As a service to patients, clinic staff arranged for members to pick up the sleep study devices and respiratory supplies at one of 10 medical office buildings in the area.
But patients sometimes were slow to retrieve the equipment and supplies, which caused storage problems. At other times, supplies were incorrect, late, or missing — frustrating patients and staff. And because the team relied on in-house couriers to make the deliveries, there was no way to track items, causing waste.

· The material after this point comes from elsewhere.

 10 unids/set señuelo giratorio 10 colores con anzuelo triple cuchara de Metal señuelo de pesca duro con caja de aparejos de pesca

“It wasn’t a user-friendly process,” explains George Sweat, the team’s management co-lead and director of Medical Specialities. “There was no reliable system for supplies to get from point A to point B, and some members would get duplicate supplies because we had no way of tracking them.”
The breakthrough
“Why don’t we mail these supplies?” team members wondered aloud. But without guidance or goals, the talk remained just that: talk. Solutions seemed like a “myth to everybody,” Mallah recalls.

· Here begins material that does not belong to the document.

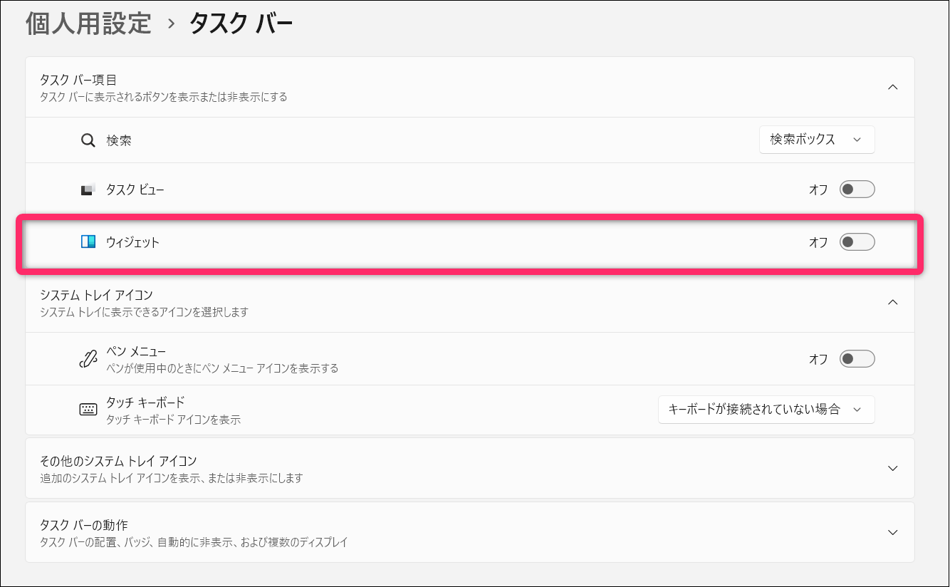 初期設定ではウィジェット」が左下に表示されていますが、こちらもオフにしておきます。

Then Sweat arrived in March 2018 with a fresh perspective and a zeal for data.
“The breakthrough was looking at the numbers,” says Sweat, who discovered that 25 sleep study devices were lost in 2018, totaling $120,000 — money the team could have saved or spent elsewhere.
He shared his findings with the team and helped set goals to mail all supplies by June 2019 and reduce the annual cost of respiratory supplies by 20 percent. Along the way, they would survey patients to see if their efforts improved member satisfaction.
Continuous improvement
Using the Plan-Do-Study-Act model, the team started out with small tests of change. Team members bought a postage machine that enables them to track shipments and experimented with different envelopes.

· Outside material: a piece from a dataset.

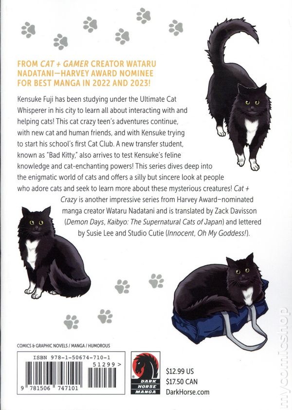 Volume 3 - 1st printing. Story and art by Wataru Nadatani. Translated by Zack Davisson. From Wataru Nadatani, the creator of Cat + Gamer, comes Cat + Crazy, a humorous cat manga for all animal and cat lovers! The journey to become a cat whisperer is long, but its full of feline fun! High schooler Kensuke Fuji loves cats, but cant have any of his own. Recently, he's made the acquaintance of a local cat whisperer, Nekoya Jin, who seems to know everything about the feline realm! Kensuke has become his disciple, studying under this Ultimate Cat Whisperer to learn all about cats. Their adventures continue, with Kensuke and readers delving deeper into the enigmatic world of cats and the humans who wind up obsessed with them! A silly but sincere look at people who adore cats—and seek to learn more about these mysterious creatures, Cat + Crazy is another impressive series from Harvey Award nominated manga creator Wataru Nadatani (Cat + Gamer, Best Series)—and is translated by Zack Davisson (Demon Days, Kaibyo: The Supernatural Cats of Japan) and lettered by Susie Lee of Studio Cutie (Innocent, Oh My Goddess!). Softcover, 5-in.x 7-in., 184 pages, full color. All Ages Cover price $12.99.

“For the first week or two, it was a little rocky,” explains Long. “We started out slowly.”
Now the team mails most supplies to patients, who have the option of picking up and dropping off equipment at the Falls Church location. The team also streamlined the inventory of respiratory supplies, eliminated the use of couriers, centralized distribution of equipment, and introduced paperless billing.
“We’re capturing 100 percent of the revenue,” says Sweat, who estimates the department has saved more than $111,000 in the first four months of 2019, putting it on track to meet its financial goal.
Best place to work and receive care
The team’s process improvements also benefit patients by increasing access and member satisfaction.
Because patients can return the sleep study devices by mail quickly, staff can put the equipment back into circulation faster, enabling providers to diagnose patients within days instead of weeks.
Patients are happier, too. As of August 2019, 96 percent of patients surveyed said they prefer receiving their supplies by mail rather than traveling to pick them up.
What’s more, team members say performance improvement has made their work lives easier. “I don’t have to work as hard to satisfy my patients,” says Mallah.
What can your team do to put the patients' needs at the center when you try to improve performance?
What can your team do to examine and improve your workflow? How do you think that would affect care and service for our member and patients?
What can your team do to listen to the voice of your customers? Especially if those customers are fellow employees in a different department?